代码入口在kafka/server/DynamicConfigManager.scala,这里会启线程监听zk的配置数据,并调用对应的handler来处理

topic配置

  • topic对应的handler为TopicConfigHandler,最终调用的processConfigChanges方法,对应关键代码如下
  def processConfigChanges(topic: String, topicConfig: Properties): Unit = {
    // Validate the configurations.
    val configNamesToExclude = excludedConfigs(topic, topicConfig)

    updateLogConfig(topic, topicConfig, configNamesToExclude)

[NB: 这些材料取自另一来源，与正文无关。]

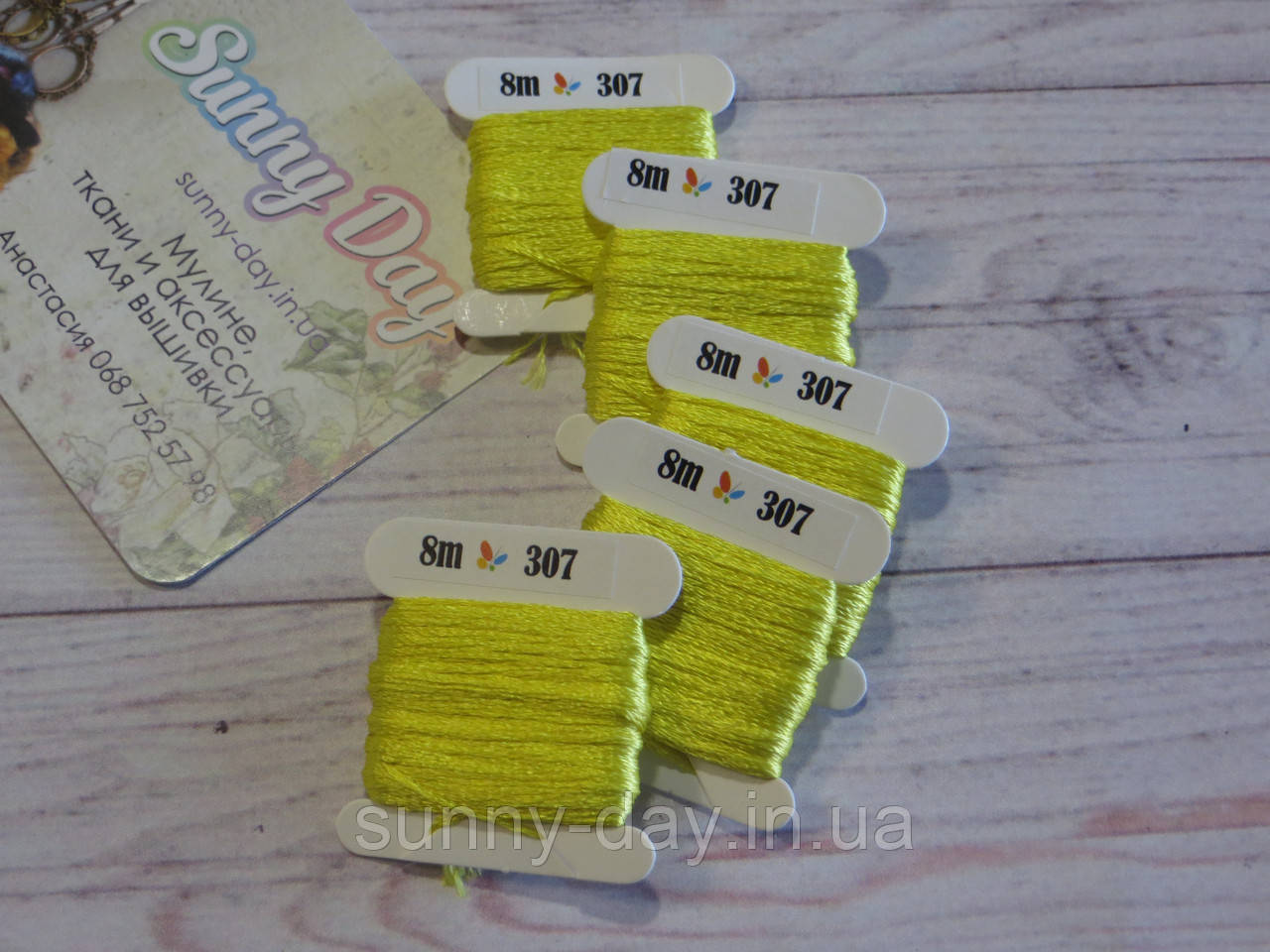 Муліне Sunny Silk — це 100% шовкові нитки (країна виробник — Корея), палітри яких становить 67 кольорів, які за номером і відтінку збігаються з муліне DMC. Пасма складається із 6 ниток, і намотана на бобінку із зазначенням номера кольору.
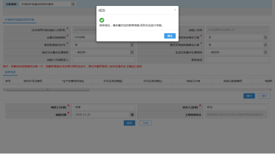 第四步:根據(jù)具體的情況填寫具體的附表,例如: 大氣、水污染基礎信息采集表,填寫信息,點擊保存
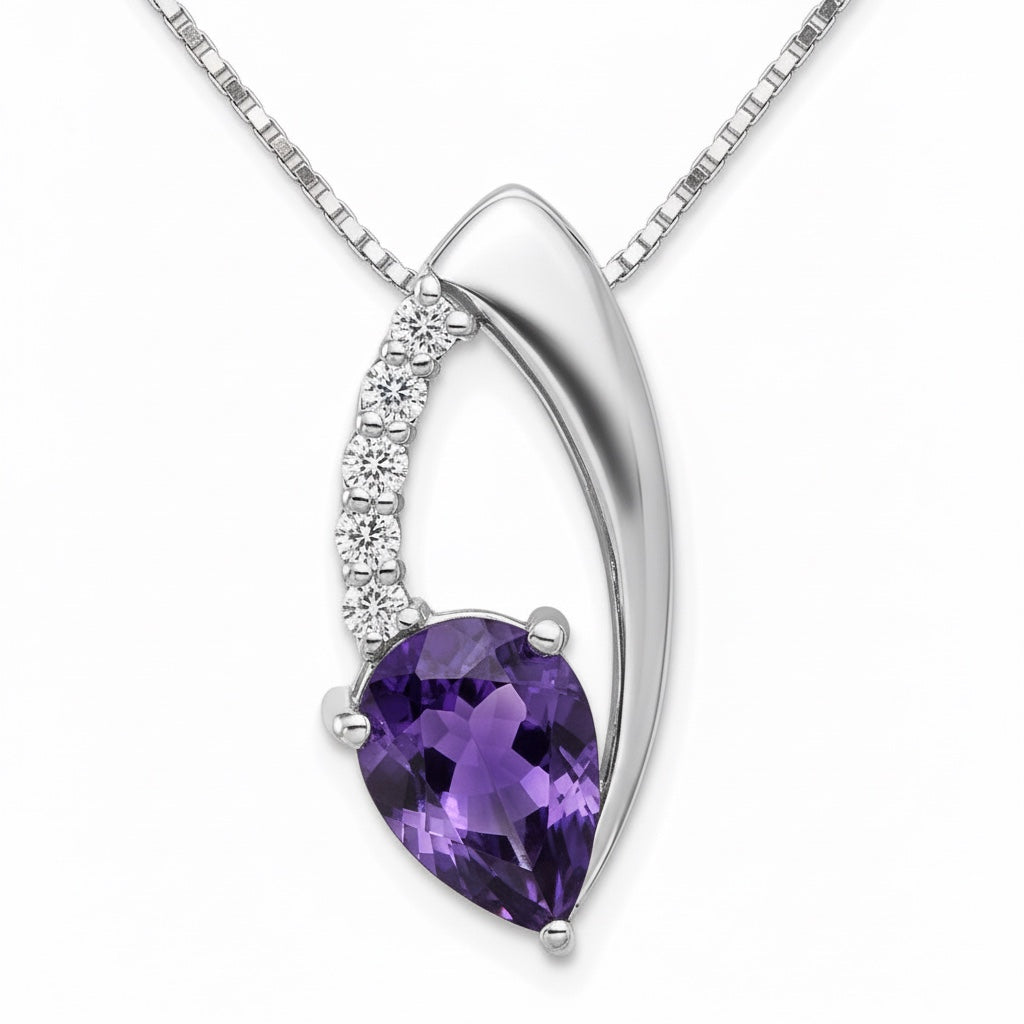 Sterling Silver Pear Gemstone & CZ Pendants

    def updateThrottledList(prop: String, quotaManager: ReplicationQuotaManager) = {
      if (topicConfig.containsKey(prop) && topicConfig.getProperty(prop).length > 0) {
        val partitions = parseThrottledPartitions(topicConfig, kafkaConfig.brokerId, prop)
        quotaManager.markThrottled(topic, partitions)
        info(s"Setting $prop on broker ${kafkaConfig.brokerId} for topic: $topic and partitions $partitions")
      } else {
        quotaManager.removeThrottle(topic)
        info(s"Removing $prop from broker ${kafkaConfig.brokerId} for topic $topic")
      }
    }
    updateThrottledList(LogConfig.LeaderReplicationThrottledReplicasProp, quotas.leader)
    updateThrottledList(LogConfig.FollowerReplicationThrottledReplicasProp, quotas.follower)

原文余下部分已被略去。